▶ Task instructions
Pictures excluded, retype the lines from the one containing "Похожий аппарат (и" through the last line of the data below, both included.

+--

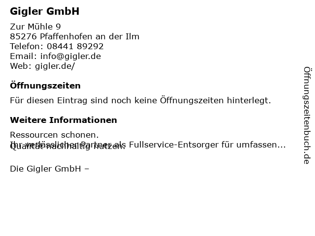 | Adresse Gigler GmbH in Pfaffenhofen an der Ilm anzeigen |
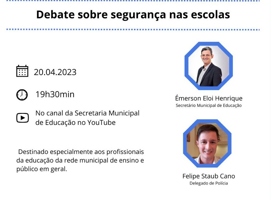 O debate é destinado especialmente aos profissionais de educação da rede municipal de ensino e público em geral. Participam da transmissão o delegado de Polícia, Felipe Staub Cano, e o secretário municipal de Educação, Émerson Eloi Henrique.
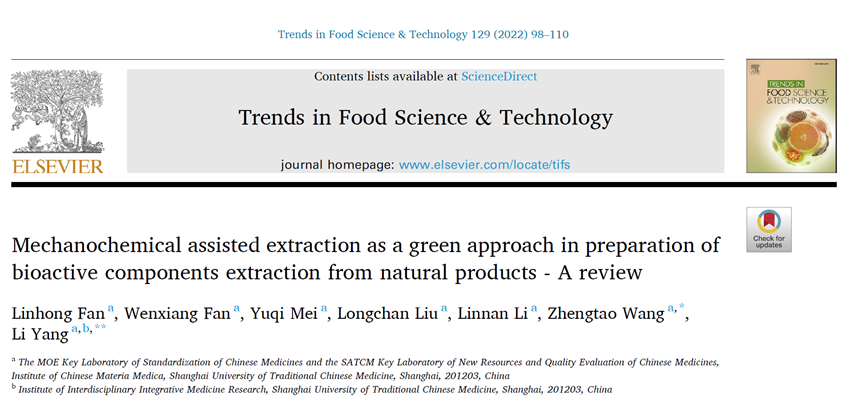 近日,王峥涛教授、杨莉研究员团队在食品科学及天然药物研究领域国际著名期刊Trends in Food Science & Technology发表综述文章,题为 Mechanochemical assisted extraction as a green approach in preparation of bioactive components extraction from natural products - A review。文章系统总结了基于“绿色、快速”理念的提取、分离新技术——机械化学辅助提取技术方法在中药、天然药物成分制备、分析、质量评价中的应用。
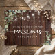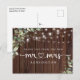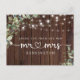 Rustic Wood String Ljus Eucalyptus Grey Bröllop Tack Post Cards med en bakgrund av rustiskt trä med tvillingsträngar av ljus och mjukt botaniskt grönt i hörnen. Tack från den nya Mr. och fru är utskriven i elegant, men ändå är det en ren typografi, skapar det här perfekten för er boho, bondehus eller landsbyggsbröllop tackkort! Kontakta oss på cedarandstring@gmail.com om du behöver hjälp med designen eller matchande produkter.
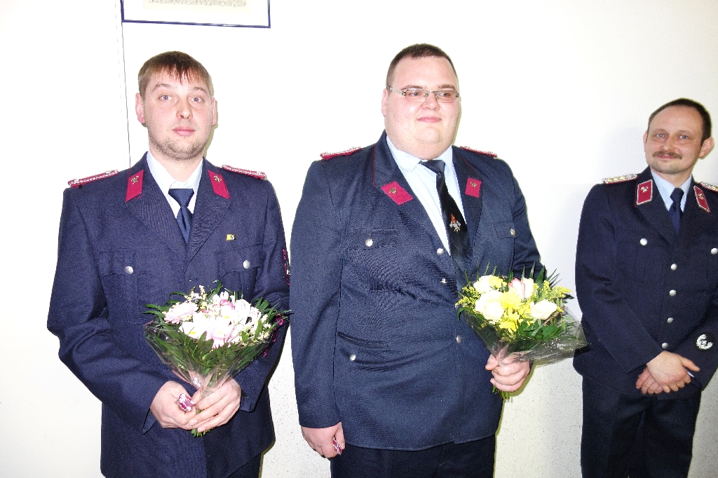 Nach Ausbildungsmaßnahmen und ihrem großen Engagement innerhalb unserer Wehr konnten die Kameraden Patrick Müller und Jens Kneisel zu Hauptfeuerwehrmänner befördert werden. Ihre neuen Schulterstücke wurden ihnen sogleich vom Gemeindewehrleiter Christian Marquardt und dem Leiter der Verwaltungsgemeinschaft Westliche Börde, Fabian Stankewitz "anmontiert".
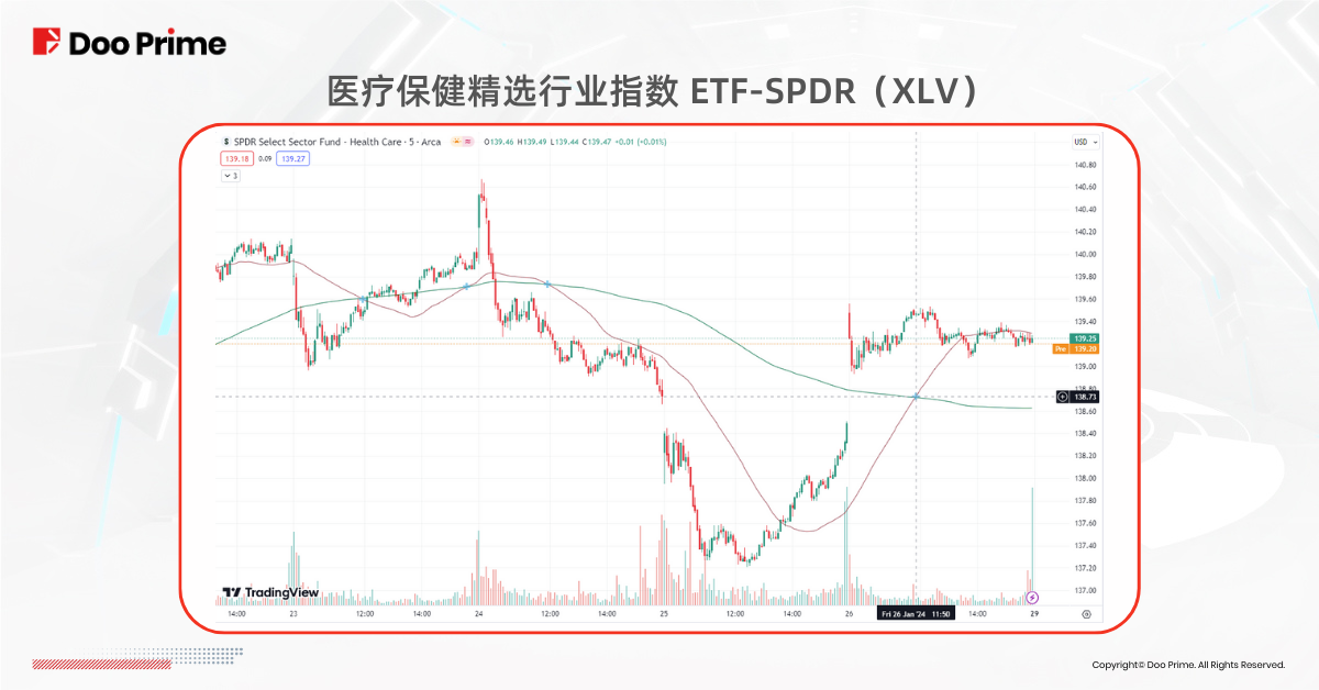 1 月至今,多只医疗股出现了看涨指标“金叉”(golden cross),即 50 天移动平均线攻上 200 天移动平均线,包括跟踪 64 只美股医疗股、市值中位数达 330 亿美元的医疗保健精选行业指数 ETF-SPDR(XLV)。
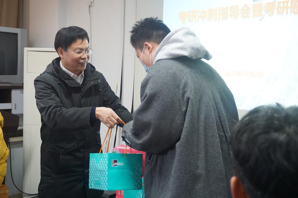 会议首先由韦浩院长向考研学生代表发放了考研慰问品,并合影留念。随后,韦院长做了考前动员讲话。他指出,考研是学业提升的一个重要途径,同学们要规划好自己的学业。要用积极的心态面对考研冲刺复习,利用最后的二十几天,调整心态,劳逸结合,在考研冲刺阶段全力以赴,实现自己的考研梦想。韦院长最后表示,99久33精品字幕历来高度重视学生考研工作,努力在思想、学习和生活等各方面为考研学生提供指导和帮助。希望同学们锲而不舍,坚持到底,预祝每一位考研学子考试顺利,马到功成!
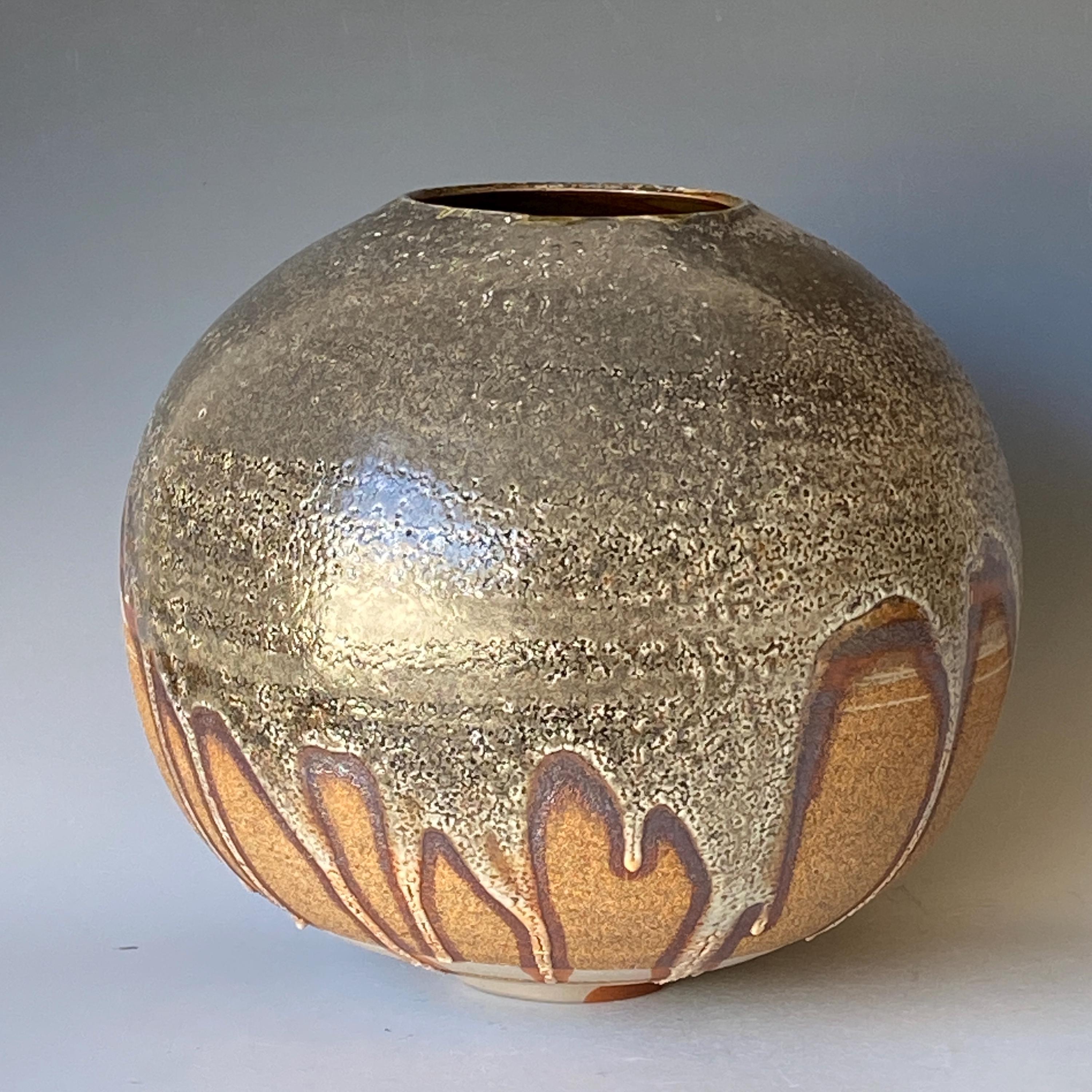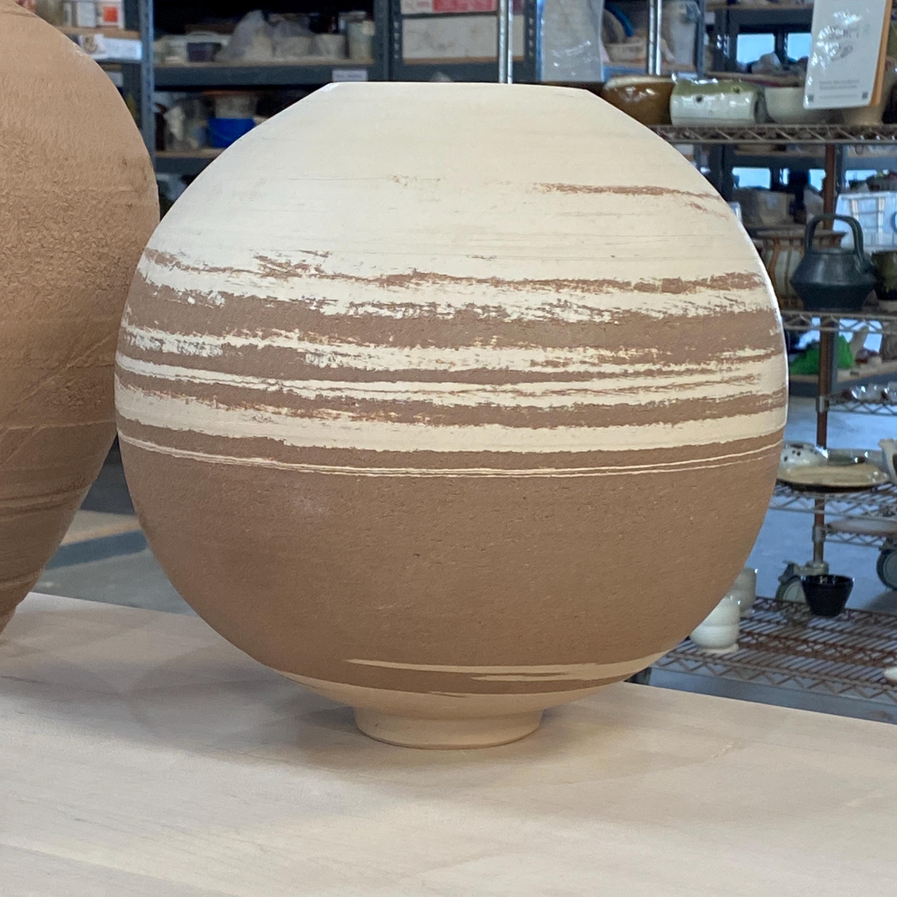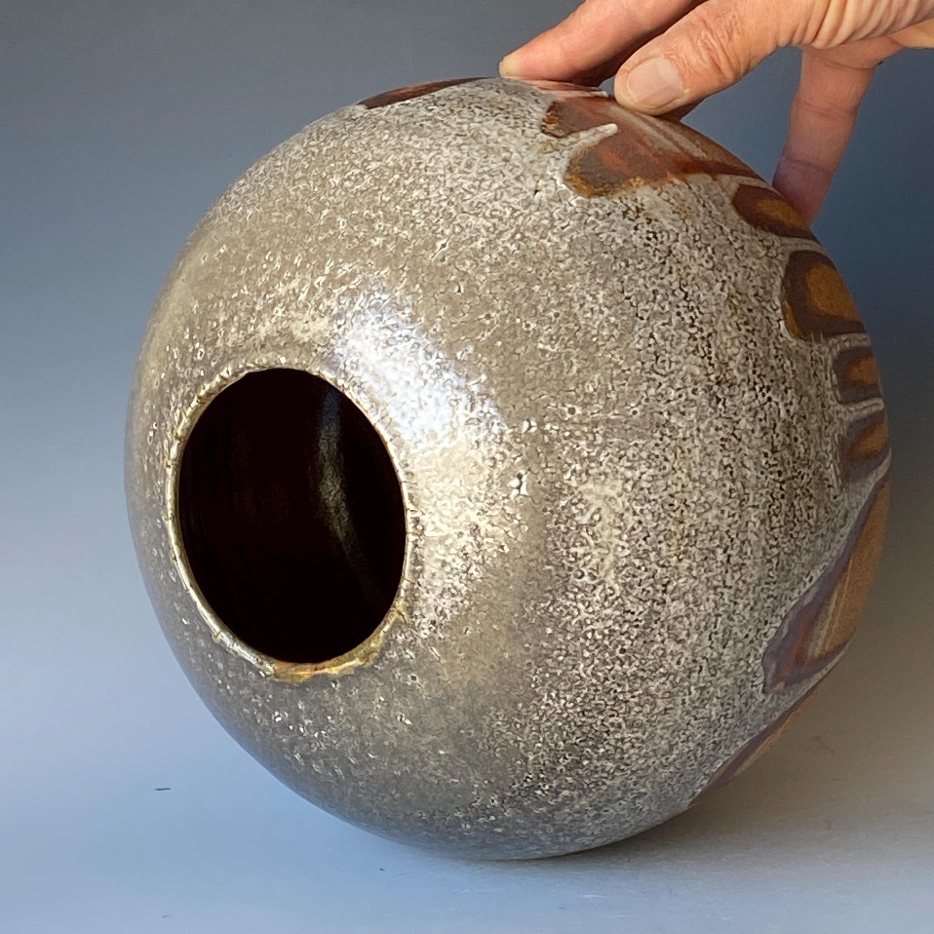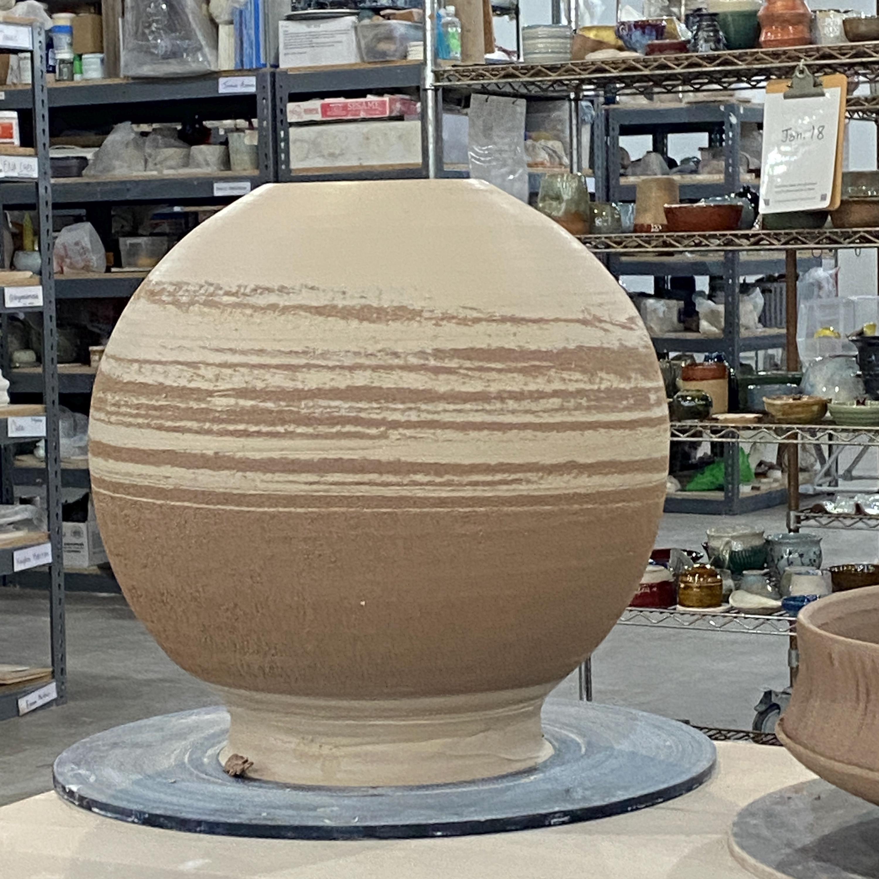 Wheel thrown ceramic Sphere. It measures height 8.5" * width 9.5" * rim 3.5".
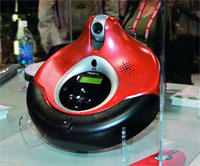 Похожий аппарат (и по функциям, и по внешнему виду) показывала также корейская компания Microrobot. Правда, ее шпион Robocam не утратил исконно пылесосных умений, а кроме того, оснащен набором сенсоров безопасности (газа, открытых дверей, движения). В Корее этот робот будет продаваться за 600 долларов в комплекте с 3G-телефоном, то есть упор делается на возможность мобильного контроля за домом.
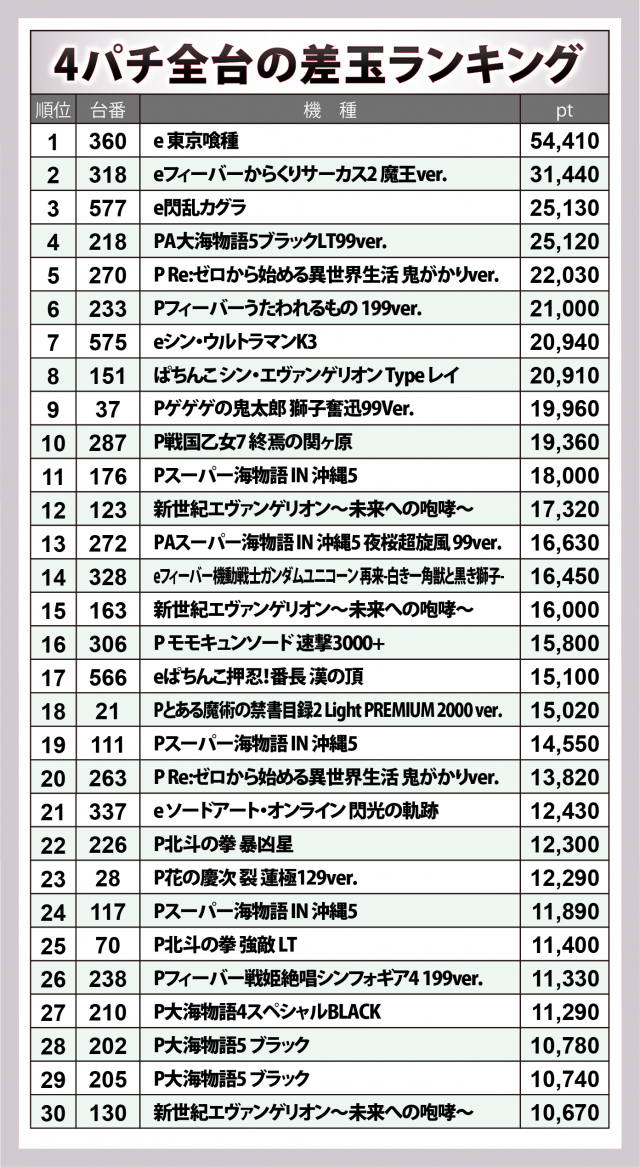 全277台の王座に就いたのは『e 東京喰種』360番台。+54,400個超のビッグヒットを果たした。
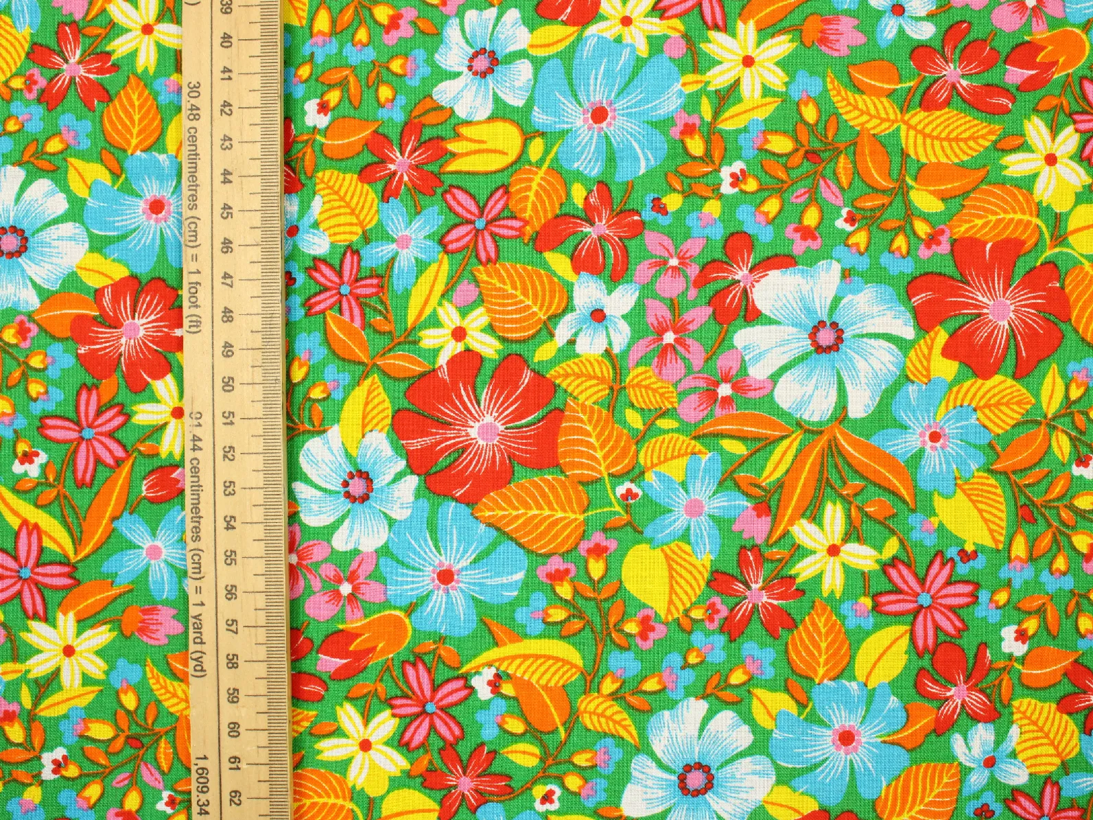 パワフルな原色カラーの花柄。

+--

▶ Result for this exercise
 Похожий аппарат (и по функциям, и по внешнему виду) показывала также корейская компания Microrobot. Правда, ее шпион Robocam не утратил исконно пылесосных умений, а кроме того, оснащен набором сенсоров безопасности (газа, открытых дверей, движения). В Корее этот робот будет продаваться за 600 долларов в комплекте с 3G-телефоном, то есть упор делается на возможность мобильного контроля за домом.
 全277台の王座に就いたのは『e 東京喰種』360番台。+54,400個超のビッグヒットを果たした。
 パワフルな原色カラーの花柄。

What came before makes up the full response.